Last night in class we looked at "cides" - Insecticides, 
Herbicides and Fungicides. I am, in general, against using toxins 
in the garden, so I was pleased to learn that we'd be looking at 
both Organic and Inorganic methods.
We learned that generally speaking, cides can be classifed as:-
    Contact - kill only on immediate contact with the pest.
    Residual - retained their power for about two weeks.
    Systemic - taken in and retained by the plant.
I would shy away from Systemic, as I don't want my compost to be 
harbouring slabs of poison as plants are decomposing. On the 
other hand, I do know of a couple of good uses for systemic 
poisons (see "ants" below)
Residual sounds good. I like the idea of being able to kill off 
whatever pest it is that bothers me, and not be leaving a legacy 
of killing for generations of living creatures. I'm particularly 
enamoured of a cide that breaks down into smaller and harmless 
molecular compounds after a fixed period.

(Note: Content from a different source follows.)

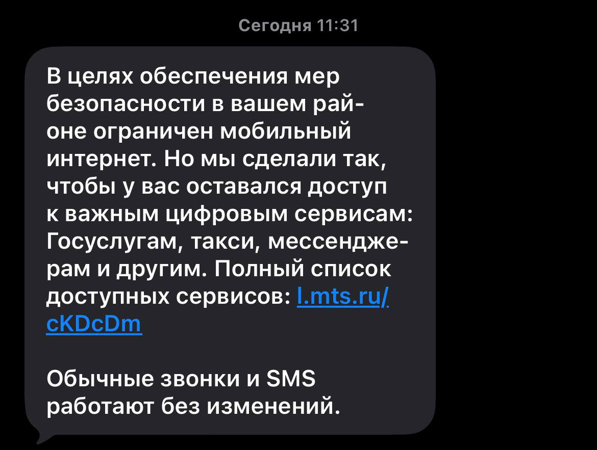 К слову, сегодня сотовые операторы начали присылать жителям района смс-оповещения об ограничении мобильного интернета в целях безопасности. В частности, такое сообщение получили абоненты МТС.
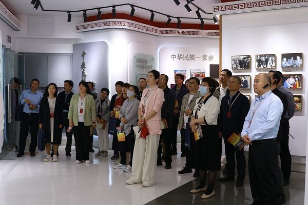各高校統戰部部長來到學校民族博物館,參觀了《中央民族大學校史展》《先生還在身邊——民大名師紀念展》及鑄牢中華民族共同體意識系列展之《衣無語,繹大千——中華民族袍、衣、裙、褲展》《大地回聲——中國各民族樂器文化展》等專題展,全面了解了我校的歷史沿革、辦學定位、鑄牢中華民族共同體意識建設、教育教學成果、人才培養等情況。

Systemic ingredients tend towards Dicofol and Dimethone. These 
ingredients should be avoided if you don't want poison in your 
vegetable matter. 
Residual ingredients include Malathion and Chlorpyrofos. I should 
prefer these types of cide.
Contact ingredients are Diazon and Carbaryl.
We learned a bit about natural toxins. Pyrethin Daisies and 
Marigolds are apparently excellent companion plants, as is Garlic 
with its high sulphur content (sulphur is a fungicide).
Nematodes, I learned, are *not* like that idiot who signed on to 
our local BBS and blasted the sysop, but are cute little wormy 
things. White grubs eat nematodes, then swell up and die. You can 
buy nematodes in a can in a pate form under names like "BioSafe" 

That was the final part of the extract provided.